1) с согласия несовершеннолетнего, достигшего четырнадцатилетнего возраста, и его законного представителя;

2) с согласия законного представителя несовершеннолетнего, не достигшего четырнадцатилетнего возраста;

3) без согласия несовершеннолетнего, достигшего четырнадцатилетнего возраста, и (или) законного представителя такого несовершеннолетнего, если получить это согласие невозможно либо если законный представитель является подозреваемым или обвиняемым в совершении данных противоправных действий;

– отдельно указано, что в случае преступления против половой неприкосновенности и половой свободы личности распространение информации допускается «только в целях расследования преступления, установления лиц, причастных к совершению преступления, розыска пропавших несовершеннолетних».

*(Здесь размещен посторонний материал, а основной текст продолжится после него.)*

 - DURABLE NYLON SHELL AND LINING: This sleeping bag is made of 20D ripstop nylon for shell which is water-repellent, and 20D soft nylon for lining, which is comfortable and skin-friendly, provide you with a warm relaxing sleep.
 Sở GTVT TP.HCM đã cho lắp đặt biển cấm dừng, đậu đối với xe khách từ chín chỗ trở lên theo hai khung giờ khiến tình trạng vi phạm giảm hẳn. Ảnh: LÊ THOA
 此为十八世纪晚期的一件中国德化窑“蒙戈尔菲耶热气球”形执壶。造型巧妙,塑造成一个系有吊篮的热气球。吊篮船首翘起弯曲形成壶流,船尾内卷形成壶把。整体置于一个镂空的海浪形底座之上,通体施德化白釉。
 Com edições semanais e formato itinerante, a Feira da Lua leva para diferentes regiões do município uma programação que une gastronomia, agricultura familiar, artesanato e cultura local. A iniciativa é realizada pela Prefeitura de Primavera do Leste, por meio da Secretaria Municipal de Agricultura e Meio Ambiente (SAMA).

Что несёт новый закон родителям? В перечне «информации о несовершеннолетнем, запрещённой к распространению», помимо сведений о ребёнке, стоит: «включая фамилии, имена, отчества, фото- и видеоизображения[?] родителей». И это – единственный случай во всём законе, когда они там упоминаются.

Далее речь идёт только о « законных представителях». Кто они такие в данном случае? На досудебной стадии изъятия ребёнка из семьи – представитель органов опеки. После лишения родителя родительских прав – директор детского дома/интерната. И где тут родители?

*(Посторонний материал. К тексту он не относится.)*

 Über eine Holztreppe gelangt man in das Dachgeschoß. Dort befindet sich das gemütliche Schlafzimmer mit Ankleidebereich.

После прочтения закона вопросов больше, чем ответов. Какие именно «противоправные действия» имеются в виду? Что подразумевается под определением «противоправное бездействие»? Почему ключевые понятия законопроекта никак не раскрыты?

По какой такой надобности информация о родителях и «иных законных представителях» подпадает под строжайший информационный запрет? Не оттого ли, что родители и бабушки-дедушки смогут побороться за своего отобранного опекой ребёнка и обратиться и к должностным лицам, и к общественным организациям, и в СМИ, а также разослать призыв о помощи по социальным сетям?

Чем вызвана необходимость принятия закона? Какова статистика о количестве детей, реально пострадавших от разглашения данных о них в СМИ? А может быть, на самом деле он о том, как можно безопасно и безболезненно оставить ребёнка «без попечения родителей»?

Закон уже принят и совсем скоро будет определять нашу жизнь. Чего нам ждать от него? Попробуем смоделировать. Итак, с ребёнком произошло некое противоправное действие. При этом будем помнить, что речь не идёт о преступлении в отношении «половой неприкосновенности», поскольку об этом говорится в отдельной статье.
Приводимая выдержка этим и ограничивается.